Thomas Wouters added the comment:
The spec isn't very explicit about it, yes, but it does say this:
4.4.16 relative offset of local header: (4 bytes)
This is the offset from the start of the first disk on
which this file appears, to where the local header should
be found.
"the start of the first disk" could be construed to mean "the start of the ZIP
archive embedded in this file". However, if you consider the information that's
available, the only way to make ZIP archives work in the face of ZIP64 and
other extensions that add information between the end-of-central-directory
record and the end of the central directory, it's obvious that you can't
correctly handle ZIP archives that start at an arbitrary point in a file.
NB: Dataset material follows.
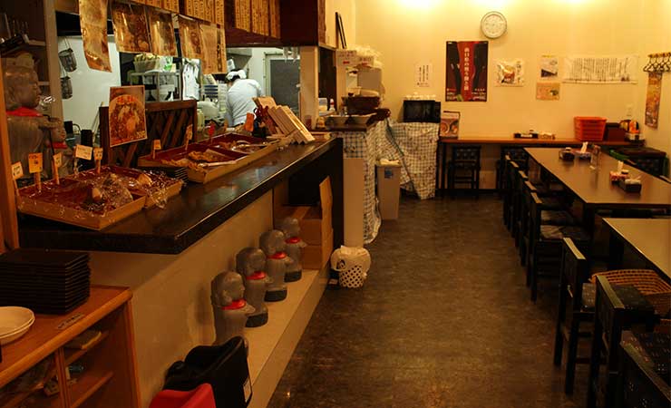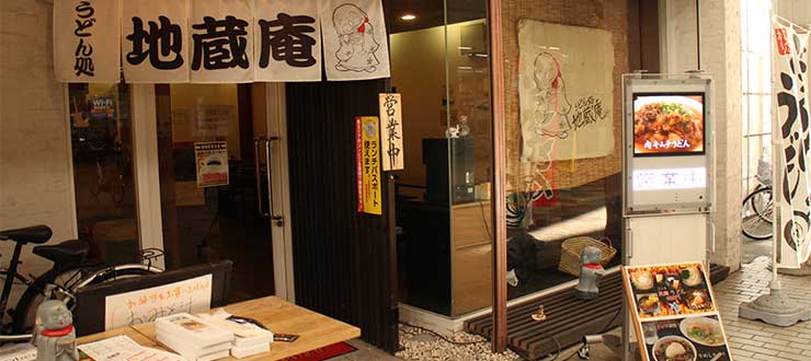 約10年間、山口市内のさぬきうどん店で店長として働かれていたご主人が、2013年6月1日に自身のお店をオープン。無添加のだしと自家製麺にこだわったできたての「さぬきうどん」を食べることができます。「地蔵庵」の“地蔵”はご主人のニックネームからで、その名のとおり優しそうな表情が印象的。店内にはご主人にそっくりな愛嬌のある地蔵様が置かれています。お店のシステムは気軽なセルフサービス式。入ってすぐあるカウンターには、約15種類の天ぷらやおむすびが並び、お好みのものを自分で選び会計に進みます。うどんは約20種類で、中でも全部の具が入ったボリューム満点の「地蔵庵スペシャル」(600円)がおすすめです。また、程よくこってり味の「牛めし」(250円)やチャーハンなどのご飯ものもあります。

ZIP archives have both a 4-byte magic number at the start, and a central
directory at the end. The end-of-central-directory record is the very last
thing in the file, and it records both the offset of the start of the central
directory and the size of the central directory. In absense of any ZIP
extensions that add records between the end-of-central-directory record and the
end of the central directory, you can use those to correct all offsets in the
ZIP archive. But as soon as you add (for example) ZIP64 records, this no longer
works: ZIP64 has an end-of-zip64-central-directory locator, and variable-sized
end-of-zip64-central-directory record. The locator is fixed size right before
the end-of-central-directory record and records the offset (from the start of
the file) to the end-of-zip64-central-directory record, but *not* the size of
that record or any other information you can use to determine the offset of the
start of the archive in the file.
Only by assuming the central directory record comes right before the
end-of-central-directory record, or assuming fixed sizes for the ZIP64 record,
can you deal with ZIP archives with offsets not from the start of the file.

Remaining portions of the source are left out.